Supplied entries →
☆ ☆ ☆ ☆ ☆

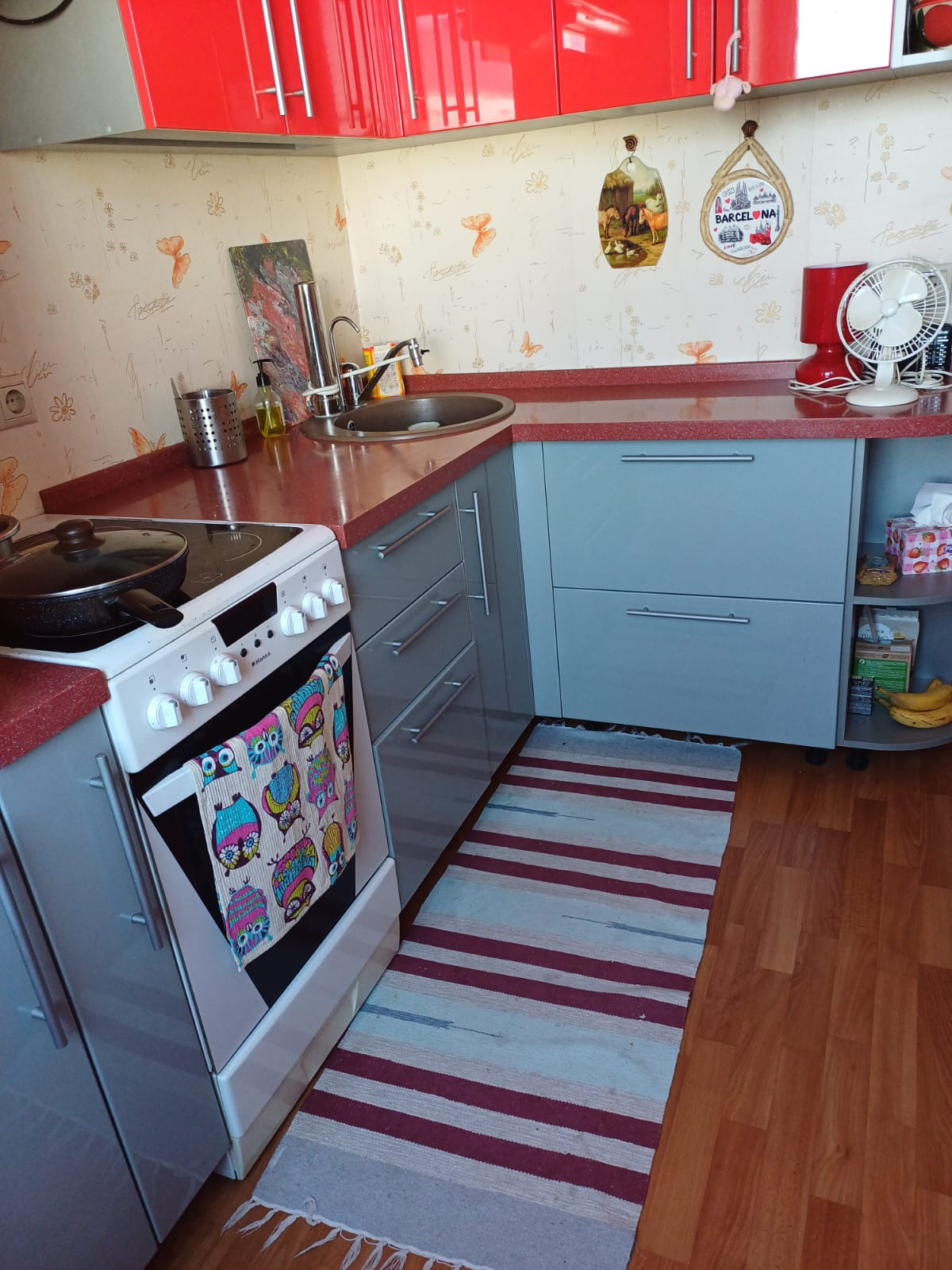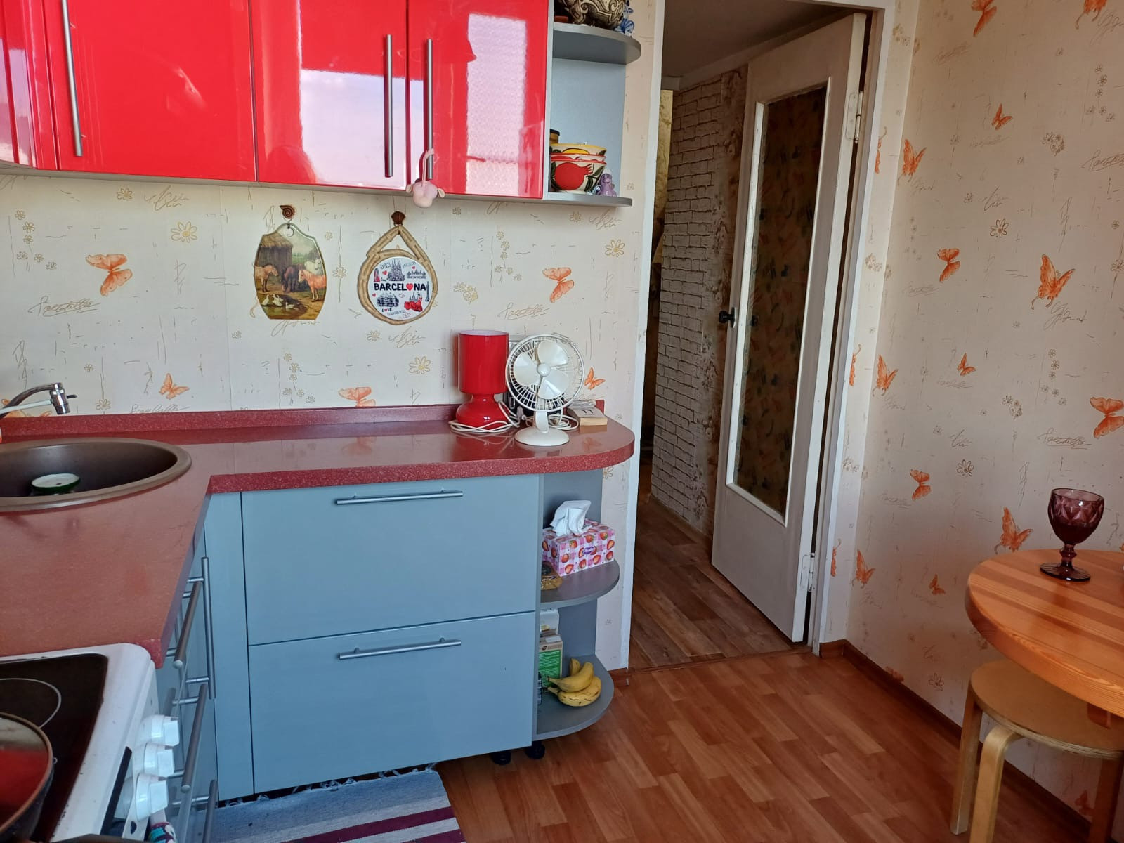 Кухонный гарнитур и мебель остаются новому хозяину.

☆ ☆ ☆ ☆ ☆

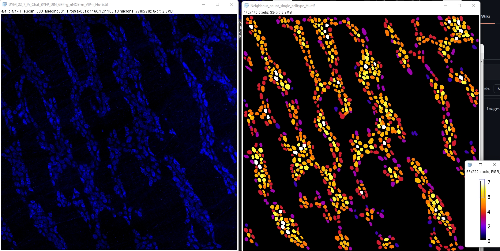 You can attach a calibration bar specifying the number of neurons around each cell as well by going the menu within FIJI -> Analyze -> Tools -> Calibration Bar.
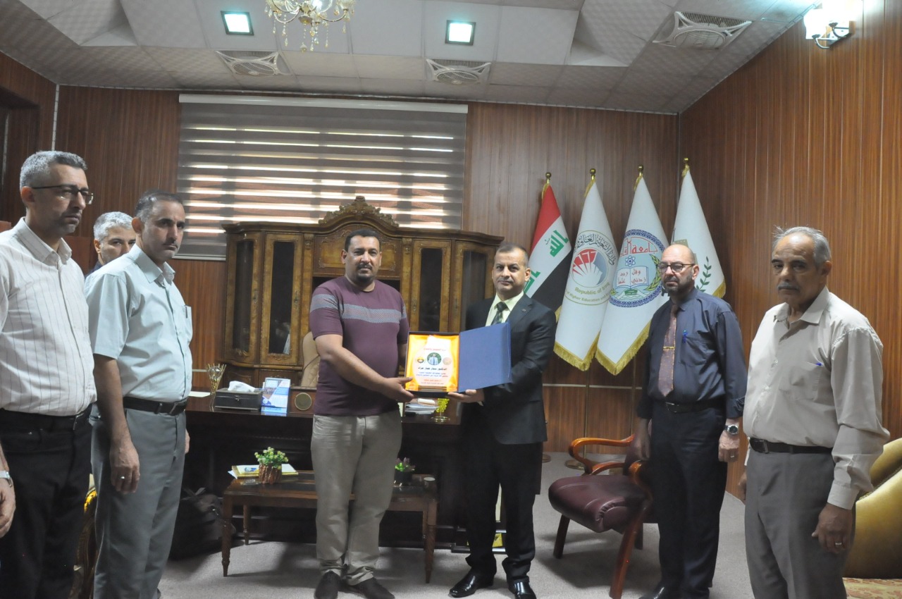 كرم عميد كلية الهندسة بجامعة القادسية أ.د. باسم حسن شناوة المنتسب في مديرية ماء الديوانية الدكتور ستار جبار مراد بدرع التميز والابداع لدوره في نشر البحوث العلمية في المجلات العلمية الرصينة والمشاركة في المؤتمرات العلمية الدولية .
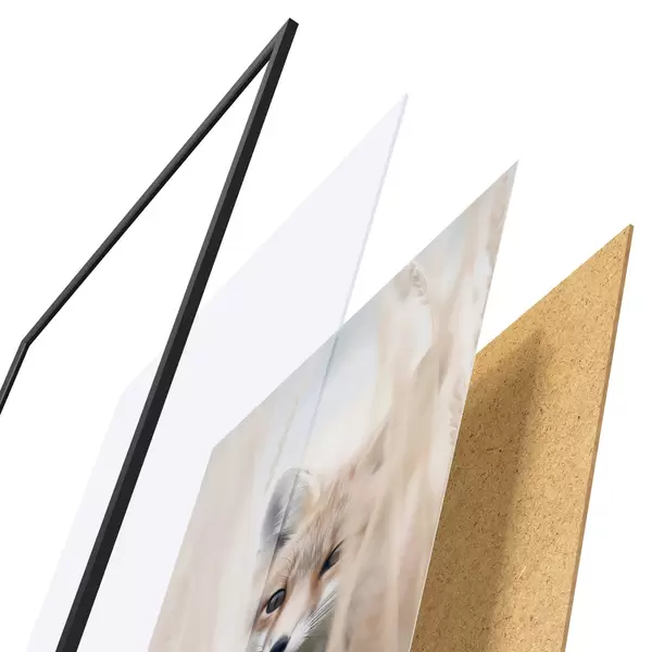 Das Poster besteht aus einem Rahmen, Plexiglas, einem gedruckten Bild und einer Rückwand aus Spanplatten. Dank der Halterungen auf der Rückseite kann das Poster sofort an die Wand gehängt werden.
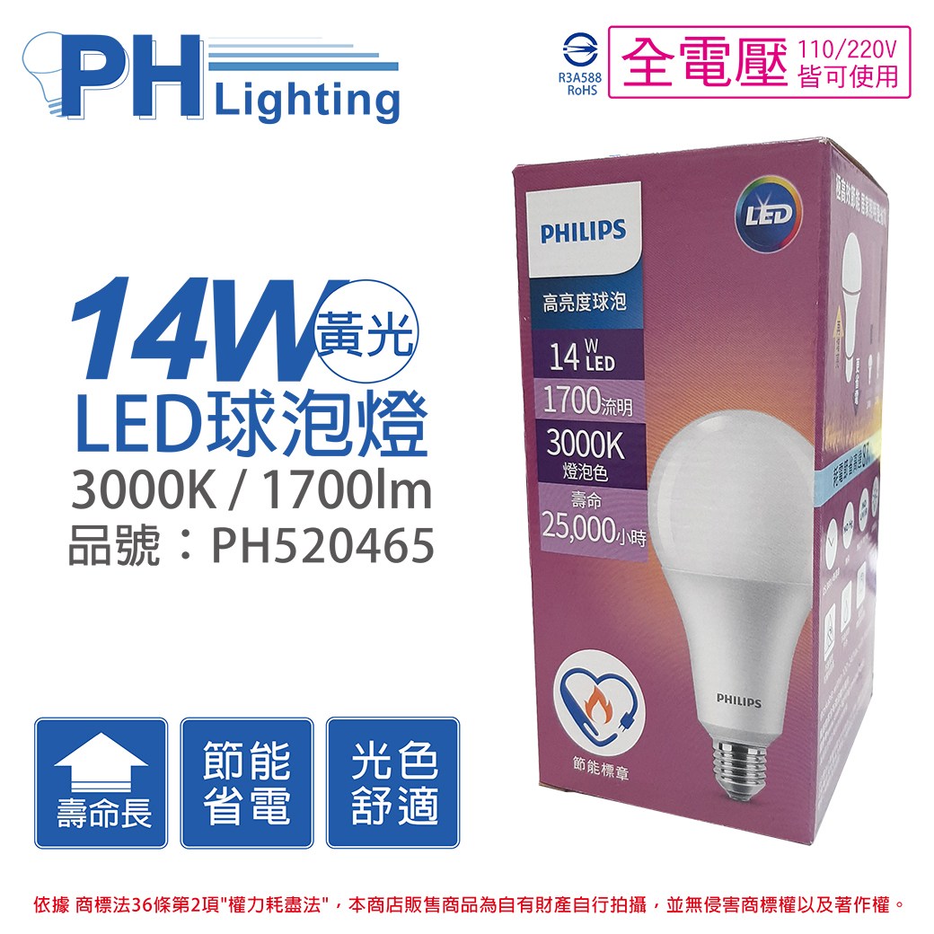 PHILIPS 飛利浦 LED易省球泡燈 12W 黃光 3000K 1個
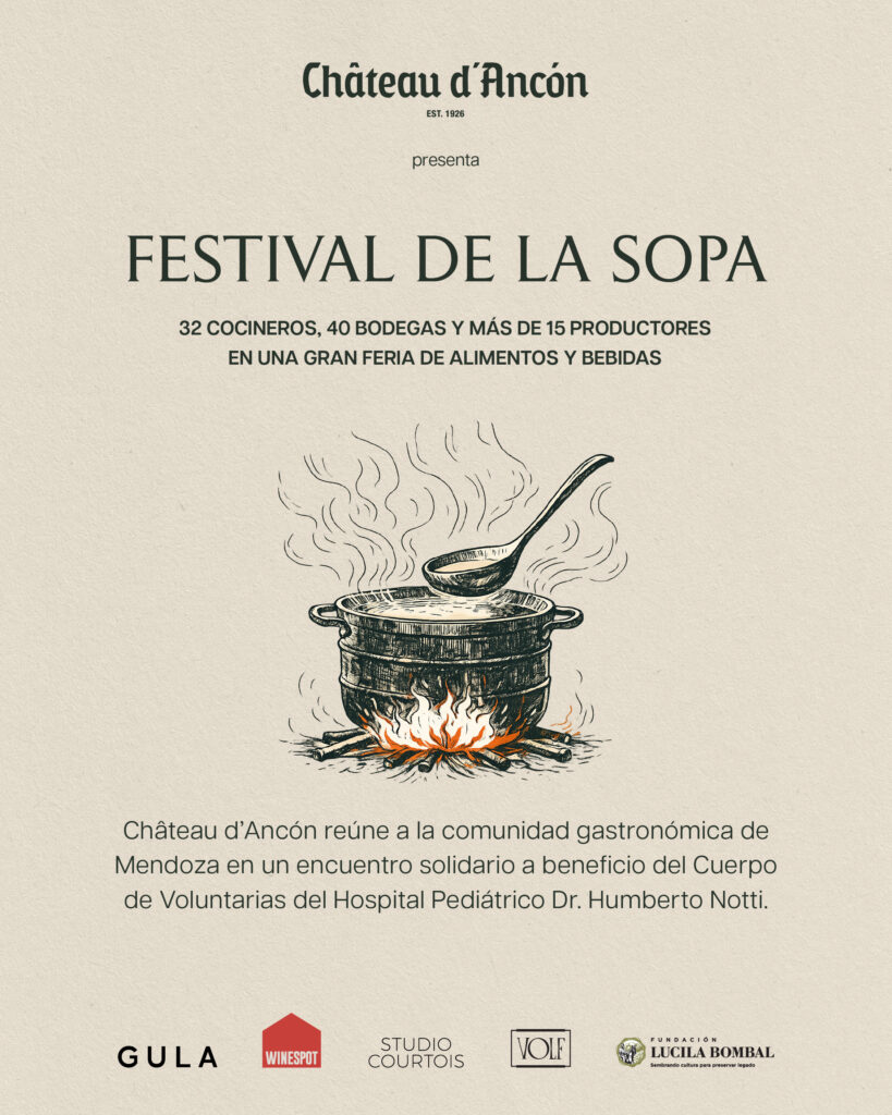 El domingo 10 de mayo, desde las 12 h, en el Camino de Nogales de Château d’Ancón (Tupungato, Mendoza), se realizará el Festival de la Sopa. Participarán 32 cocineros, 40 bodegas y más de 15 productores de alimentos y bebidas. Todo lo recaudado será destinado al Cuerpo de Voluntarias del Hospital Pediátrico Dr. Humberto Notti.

☆ ☆ ☆ ☆ ☆

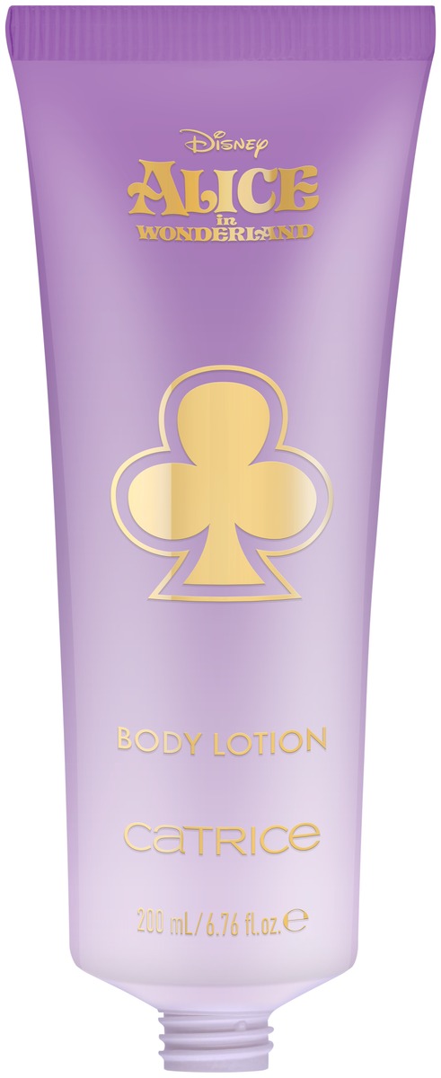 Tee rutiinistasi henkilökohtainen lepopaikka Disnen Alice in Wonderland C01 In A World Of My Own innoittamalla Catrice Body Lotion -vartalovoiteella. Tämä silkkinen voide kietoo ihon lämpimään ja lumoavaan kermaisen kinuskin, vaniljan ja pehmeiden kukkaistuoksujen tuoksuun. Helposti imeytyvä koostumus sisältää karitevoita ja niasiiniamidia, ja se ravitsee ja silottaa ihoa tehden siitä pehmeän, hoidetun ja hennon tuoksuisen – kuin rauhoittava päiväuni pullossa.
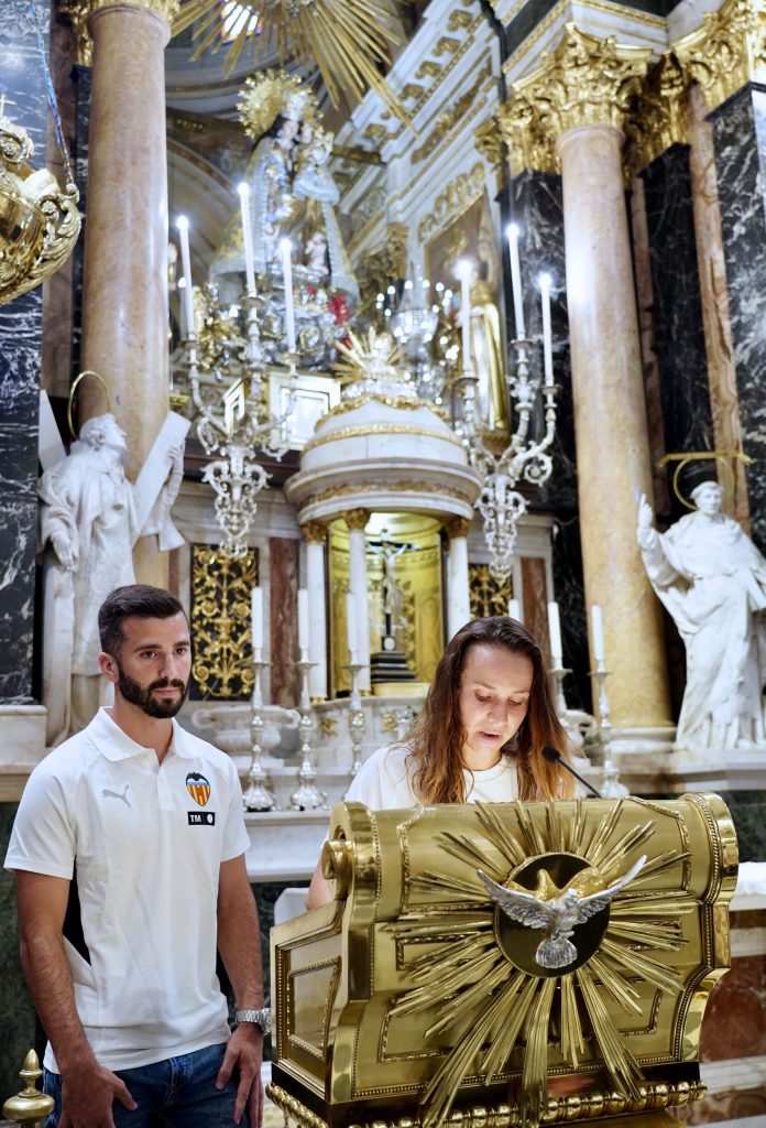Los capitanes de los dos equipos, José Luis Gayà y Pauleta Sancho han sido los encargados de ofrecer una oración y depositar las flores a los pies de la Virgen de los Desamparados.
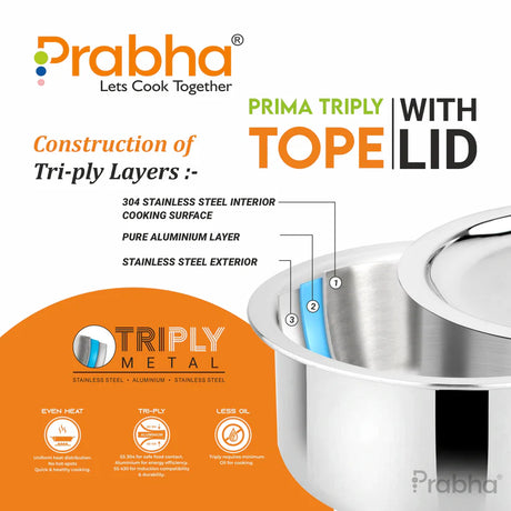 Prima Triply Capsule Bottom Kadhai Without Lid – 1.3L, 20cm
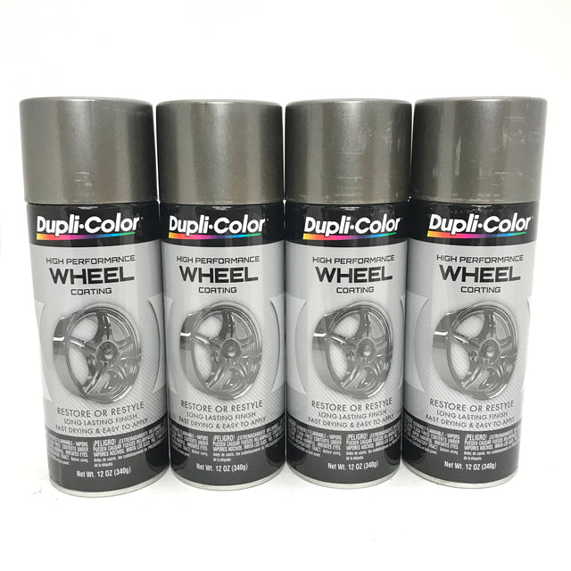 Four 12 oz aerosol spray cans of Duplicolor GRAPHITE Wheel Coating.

☆ ☆ ☆ ☆ ☆

Assignment → Treat the line with "You can attach" as the start and the line with "El domingo 10" as the end, and return exactly that span of the data above, both ends included, without pictures.

Response area →
 You can attach a calibration bar specifying the number of neurons around each cell as well by going the menu within FIJI -> Analyze -> Tools -> Calibration Bar.
 كرم عميد كلية الهندسة بجامعة القادسية أ.د. باسم حسن شناوة المنتسب في مديرية ماء الديوانية الدكتور ستار جبار مراد بدرع التميز والابداع لدوره في نشر البحوث العلمية في المجلات العلمية الرصينة والمشاركة في المؤتمرات العلمية الدولية .
 Das Poster besteht aus einem Rahmen, Plexiglas, einem gedruckten Bild und einer Rückwand aus Spanplatten. Dank der Halterungen auf der Rückseite kann das Poster sofort an die Wand gehängt werden.
 PHILIPS 飛利浦 LED易省球泡燈 12W 黃光 3000K 1個
 El domingo 10 de mayo, desde las 12 h, en el Camino de Nogales de Château d’Ancón (Tupungato, Mendoza), se realizará el Festival de la Sopa. Participarán 32 cocineros, 40 bodegas y más de 15 productores de alimentos y bebidas. Todo lo recaudado será destinado al Cuerpo de Voluntarias del Hospital Pediátrico Dr. Humberto Notti.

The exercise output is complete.